El Presidente de la República ejercerá la dictadura por mandato del “soberano”si el país democrático no es capaz de oponerle una alternativa pacífica, electoral y de reconciliación nacional, en la que participen chavistas y no chavistas que creen en los principios fundamentales de la Constitución vigente, de alternabilidad, participación y protagonismo de la mayoría de los venezolanos. Y aunque el Gobernador Ramón Martínez ha iniciado una consulta popular y democrática a sus electores del Estado Sucre, que puede señalar un camino, la convocatoria a una Asamblea Constituyente debe ser considerada como la alternativa soberana que puede frenar el rumbo autocrático, al estilo de Juan Vicente Gómez, del Comandante Chávez. Este debate puede ser más fructífero a los intereses de la mayoría de los venezolanos.

DE LA CAN A MERCOSUR

Juan Páez Ávila

La salida de la Comunidad Andina ordenada por el Presidente Chávez, sin consultar la opinión de expertos en la materia ni con sectores interesados en el comercio entre los países integrantes de ese acuerdo regional, obedece a los mismos intereses de su proyecto político que lo indujeron a ingresar al MERCOSUR, y que lo conducirá inexorablemente al fracaso.
El comercio con Colombia de unos 3.000 millones de dólares anuales y con los países de la CAN en general de unos 4.000 millones, sólo puede ser expuesto a graves contingencias negativas por una política disparatada, que apoyada por una mil millonaria chequera de petrodólares, ha provocado en el Presidente de la República un delirio de grandeza, de liderazgo, incompatible con el modesto tamaño de nuestra economía.
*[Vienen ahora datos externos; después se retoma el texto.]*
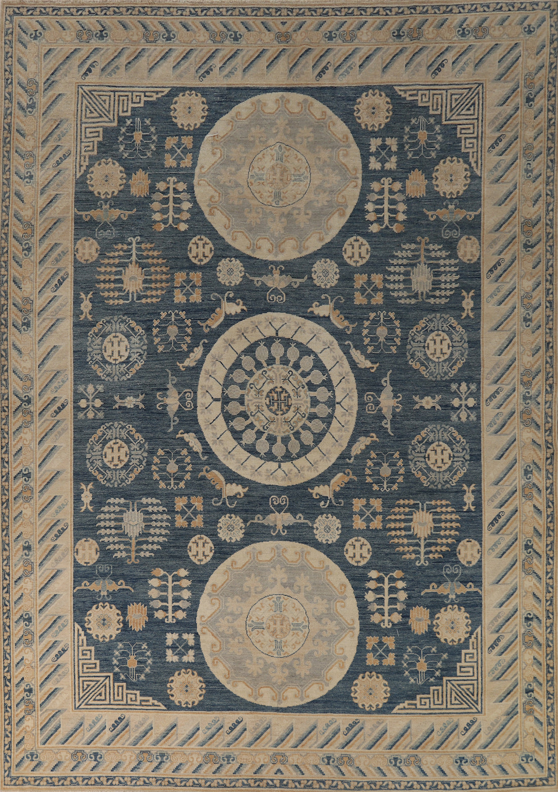 Vegetable Dye Blue Oushak Turkish Area Rug 9x12

Abandonar nuestro segundo mercado, después del norteamericano al cual le sigue vendiendo 1 millón y medio de barriles de petróleo diarios, para ingresar al MERCOSUR dominado por las dos más grandes economías capitalistas del subcontinente, es un claro indicador de que el Presidente Chávez conduce el país a una mayor dependencia del petróleo.
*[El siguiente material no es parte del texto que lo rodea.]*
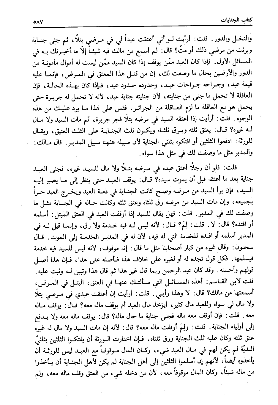 قُلْتُ لِابْنِ الْقَاسِمِ: أَهَذِهِ الْمَسَائِلِ الَّتِي سَأَلْتُكَ عَنْهَا فِي الْعِتْقِ، الْبَتْلِ فِي الْمَرَضِ، أَسْمَعْتَهَا مِنْ مَالِكٍ؟

Apelar a las glorias de Simón Bolívar y de otros jefes libertadores, dos siglos después de producida la gesta de la independencia, cuando el progreso de las naciones depende del dominio que tengan sus hombres y mujeres del avance de la ciencia y la tecnología de punta, es otra demostración no sólo del desfase histórico del proyecto chavista, sino también de su incapacidad para competir con economías apoyadas en el imperio del conocimiento.
Y aunque los excedentes producidos por los altos precios del petróleo le permiten al Presidente ayudar e impresionar con sus bondades financieras a países en la ruina económica, como Cuba y Bolivia, no han sido ni serán suficientes para provocar solidaridades de naciones como Brasil y Argentina cuyas economías los inclinan a ser líderes en la conducción de la política suramericana. Con el agravante de que cualquiera de ellos, sobre todo Brasil, puede sustituir a Estados Unidos como fuente de nuestras importaciones, pero no para nuestras exportaciones de petróleo.